On December 5, 2014, the Supreme Court granted certiorari in Commil USA, LLC, v. Cisco Systems, Inc., to decide whether a defendant’s good-faith belief that a patent is invalid is a defense to induced infringement.
Previously, a divided panel of the Federal Circuit held that a Texas district court should have allowed evidence that Cisco believed in good faith Commil’s patent was invalid. At trial, Cisco was not permitted to present such evidence to rebut Commil’s claims of induced infringement. The district court relied on Federal Circuit precedent, DSU Medical Corp. v JMS Co., which addressed a good-faith belief of non-infringement, not a good-faith belief of invalidity, as a defense.
Reversing the district court, the Federal Circuit reasoned that, because one necessarily cannot infringe an invalid patent, no principled distinction exists between a good-faith belief of non-infringement and a good-faith belief of invalidity.

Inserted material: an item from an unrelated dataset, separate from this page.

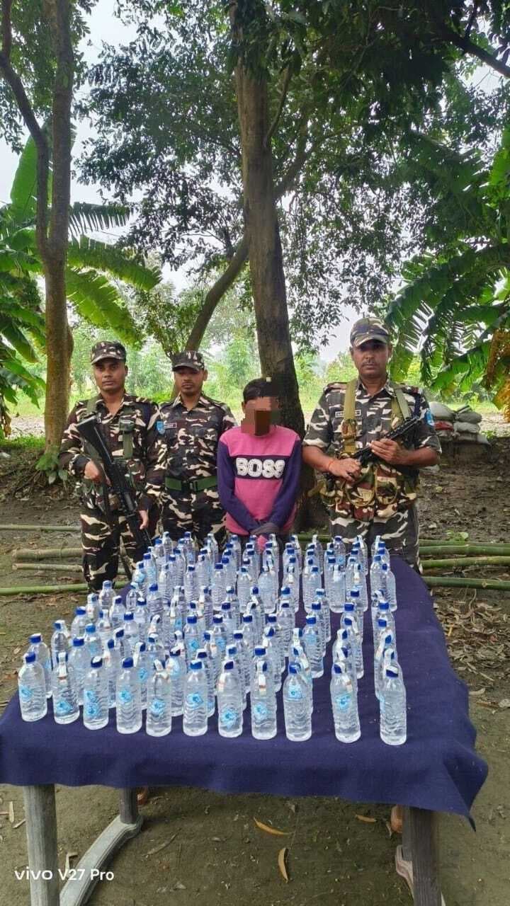 वीरपुर. एसएसबी 45वीं बटालियन सीमा चौकी रिफ्यूजी कॉलोनी के जवानों ने सोमवार को 121 बोतल नेपाली शराब के साथ एक तस्कर को गिरफ्तार किया. कमांडेंट गौरव सिंह ने बताया कि गुप्त सूचना मिली की सीमा पिलर संख्या 199/6 के रास्ते नेपाल से प्रतिबंधित सामान की तस्करी होने वाली है. सूचना मिलते ही एक टीम का गठन कर जवानों को चिन्हित स्थान पर भेजा गया. वहां पहुंचने पर जवानों ने देखा कि एक व्यक्ति बोरा में सामान लिए नेपाल से भारतीय सीमा की ओर आ रहा है. भारतीय सीमा में प्रवेश करते ही जवानों ने उसे पकड़ कर तलाशी ली तो बोरा से 121 बोतल नेपाली शराब बरामद हुआ. इसके बाद जवानों ने मौके से ही तस्कर अररिया जिला के गौतम कुमार दास को गिरफ्तार कर लिया.

Accordingly, the court held that evidence of a good-faith belief of invalidity is evidence that “should be considered by the fact-finder in determining whether an accused party knew that the induced acts constitute patent infringement.” In dissent, Judge Newman argued that a good-faith belief of invalidity cannot be a defense to induced infringement of a patent that is actually valid and infringed.
For now, the Federal Circuit’s decision provides accused infringers with two means of defending against induced infringement claims: good-faith belief of non-infringement and good-faith belief of invalidity. Considering the recent patent cases the Supreme Court has reviewed, it is uncertain whether both defenses will persist.